TL;DR: Government sources are now vastly improved, and the CDC is probably the best source of data.
We all want to know what’s going to happen next, and there are a ton of people running models to try to tell us what COVID-19 will do next.
(Technically, I’ve already showed you a model or two since Rt , a.k.a. infection rate, is a theoretical value that has to be fitted from data.)
There are now so many models that it’s hard to pick any of them, so maybe you’d like to see a bunch of them? Nate Silver’s FiveThirtyEight statistics website has a brief summary of how a bunch of popular models differ and what they are currently predicting. The prediction charts aren’t that useful, especially since they show cumulative values, and in the near-term we’re more interested in daily changes.

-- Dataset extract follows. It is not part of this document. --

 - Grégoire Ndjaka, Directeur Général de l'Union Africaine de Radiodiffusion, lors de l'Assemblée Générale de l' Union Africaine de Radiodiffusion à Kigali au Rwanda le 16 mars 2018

Once you’ve read the educational material at FiveThirtyEight, you can see more technical presentations of the model outputs at The COVID-19 Forecast Hub. For example, here is the U.S. ensemble prediction for new cases for each of the next four weeks:
(Note that the figures are per week, not per day.)

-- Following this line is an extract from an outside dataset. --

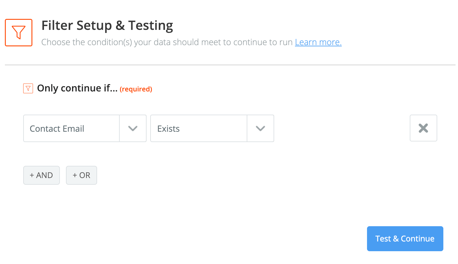 We’ve set up an additional filter to continue only if the contact email is present in ProdPad. This is to ensure the Zap doesn’t throw constant fail notices when anonymous feedback is submitted.

This ensemble forecast shows the point value prediction and the 95% confidence interval for a weighted combination of the case rate prediction of all the models combined. You can also display predictions for weekly or cumulative deaths, and you can choose which models you want to see.
The models differ in which data sources they use, the methodology used to make predictions, and most importantly, how they incorporate changes in human behavior. For example, some models assume that current rates of social distancing, masking, and indoor gathering will continue throughout the prediction period. Others make assumptions that people will change their behavior (and government will change their rules) based on the increasing or decreasing severity of the epidemic. This can lead to wildly different predictions, all of which may be valid under their assumptions about various unknowns.
TL;DR: The models are interesting, but there are so many of them.
The New York Times has a tracking board for vaccine development, with summary descriptions of the current state of each vaccine candidate and links to news articles.
The NYT also has a similar tracker for COVID-19 drugs and treatments.
Bloomberg has a nice overview of vaccine distribution and administration, with a combination of news, data, and flashy graphics.
If you want to fiddle with the data yourself, here’s one handy list of APIs for Covid information.
Finally, for a different kind of model, check out the microCOVID Project, which is designed to help you estimate your personal chance of catching COVID-19 from various activities. The creators want to encourage us to think about risk in terms of a “microCOVID” — their word for a 1-in-a-million chance of catching COVID-19. For example, if I spend 3 hours hanging out with a friend from the area, indoors, with both of us wearing surgical masks, that’s about 100 microCOVIDs. But if I spend those 3 hours at an indoor party with 10 people from my area, with no one wearing masks, the microCOVID site scores that at 9000 microCOVIDs.
Personally, I don’t find the microCOVID concept intuitive. I end up converting it to a fraction or a percentage. So spending 3 hours with a friend carries 1/10000 chance of of getting COVID-19, but spending that time at the party carries a nearly 1% chance of catching COVID-19.